Word for word, retype the lines from the one containing "Leonardo Daily Weißwein-Gläser" to the one containing "Após a sessão, os" below, keeping both end lines and dropping the pictures.

Dataset entries:

________

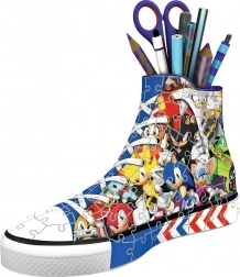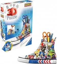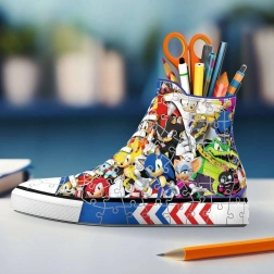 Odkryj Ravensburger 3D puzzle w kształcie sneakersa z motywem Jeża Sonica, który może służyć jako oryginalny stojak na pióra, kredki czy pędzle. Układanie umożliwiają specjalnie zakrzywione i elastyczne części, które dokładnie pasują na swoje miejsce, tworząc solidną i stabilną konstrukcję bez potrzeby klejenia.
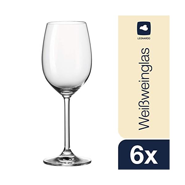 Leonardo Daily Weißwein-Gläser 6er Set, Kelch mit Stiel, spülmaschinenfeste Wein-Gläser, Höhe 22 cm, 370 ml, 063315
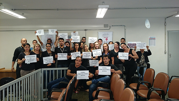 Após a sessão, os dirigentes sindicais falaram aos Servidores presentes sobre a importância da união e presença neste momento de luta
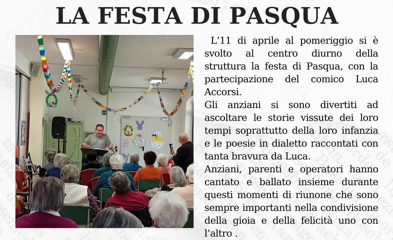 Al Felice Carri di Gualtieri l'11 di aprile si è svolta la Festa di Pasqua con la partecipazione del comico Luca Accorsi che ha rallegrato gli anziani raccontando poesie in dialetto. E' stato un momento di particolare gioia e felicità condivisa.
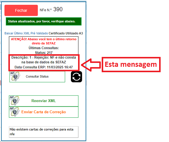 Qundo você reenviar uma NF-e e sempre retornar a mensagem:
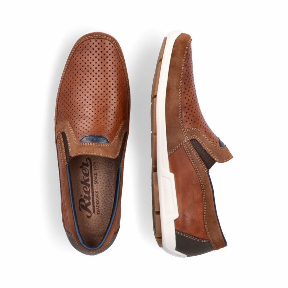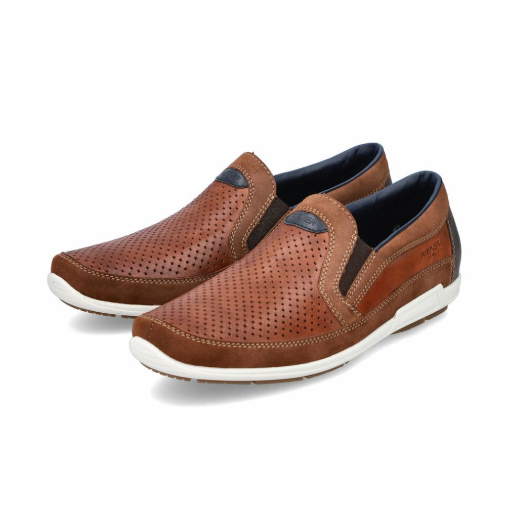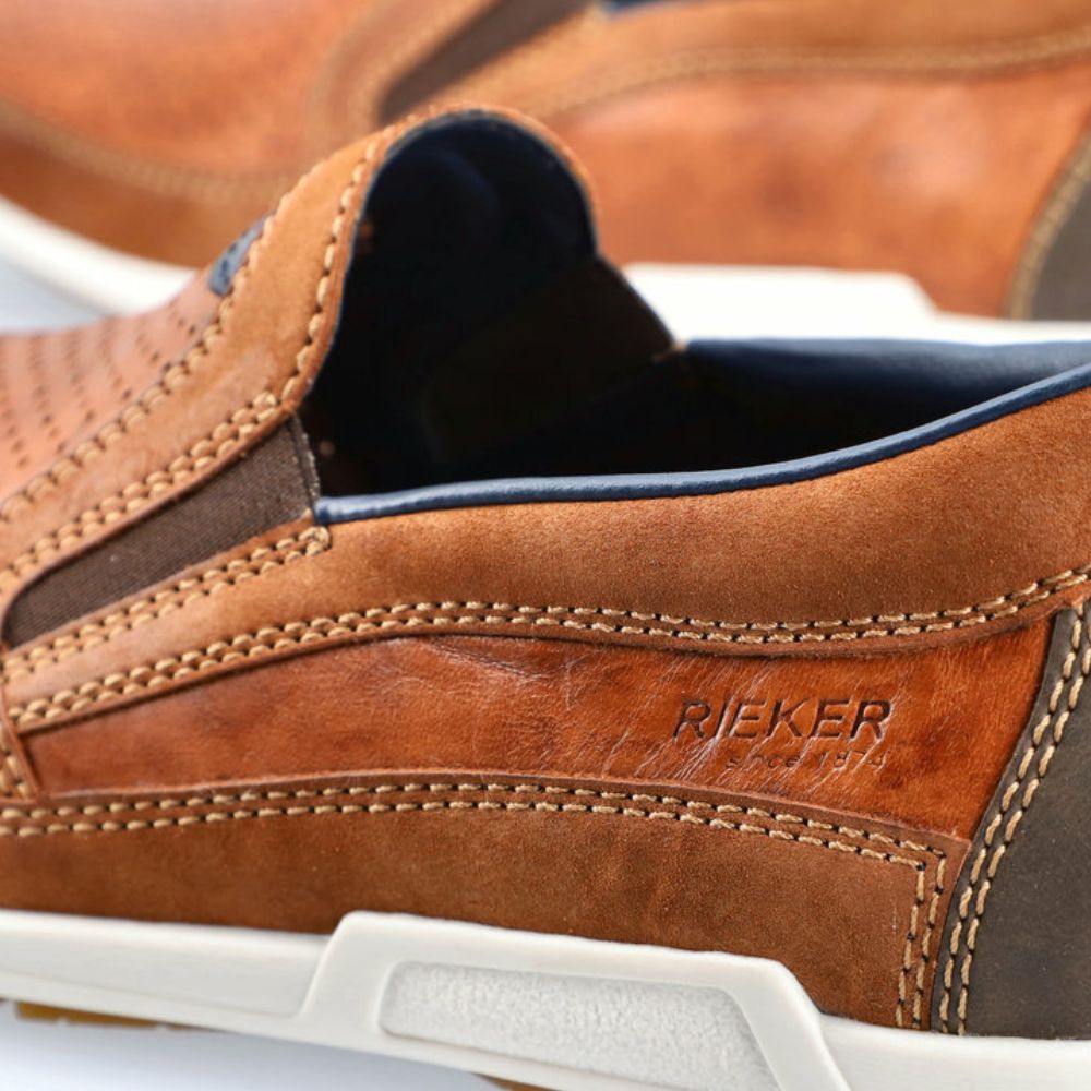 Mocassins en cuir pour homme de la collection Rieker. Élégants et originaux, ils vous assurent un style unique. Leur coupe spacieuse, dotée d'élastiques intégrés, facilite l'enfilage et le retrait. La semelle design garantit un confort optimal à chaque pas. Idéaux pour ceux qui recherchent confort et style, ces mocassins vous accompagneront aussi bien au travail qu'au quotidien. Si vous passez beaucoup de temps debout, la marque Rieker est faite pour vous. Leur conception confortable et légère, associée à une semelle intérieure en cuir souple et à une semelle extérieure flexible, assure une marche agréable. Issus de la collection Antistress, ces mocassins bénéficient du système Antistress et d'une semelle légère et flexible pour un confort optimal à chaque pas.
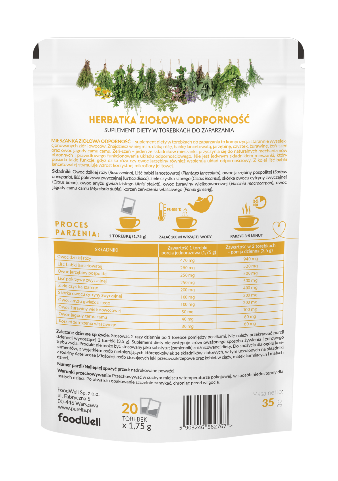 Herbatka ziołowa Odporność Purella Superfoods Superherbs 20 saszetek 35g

________

COMPLETED TASK.
 Leonardo Daily Weißwein-Gläser 6er Set, Kelch mit Stiel, spülmaschinenfeste Wein-Gläser, Höhe 22 cm, 370 ml, 063315
 Após a sessão, os dirigentes sindicais falaram aos Servidores presentes sobre a importância da união e presença neste momento de luta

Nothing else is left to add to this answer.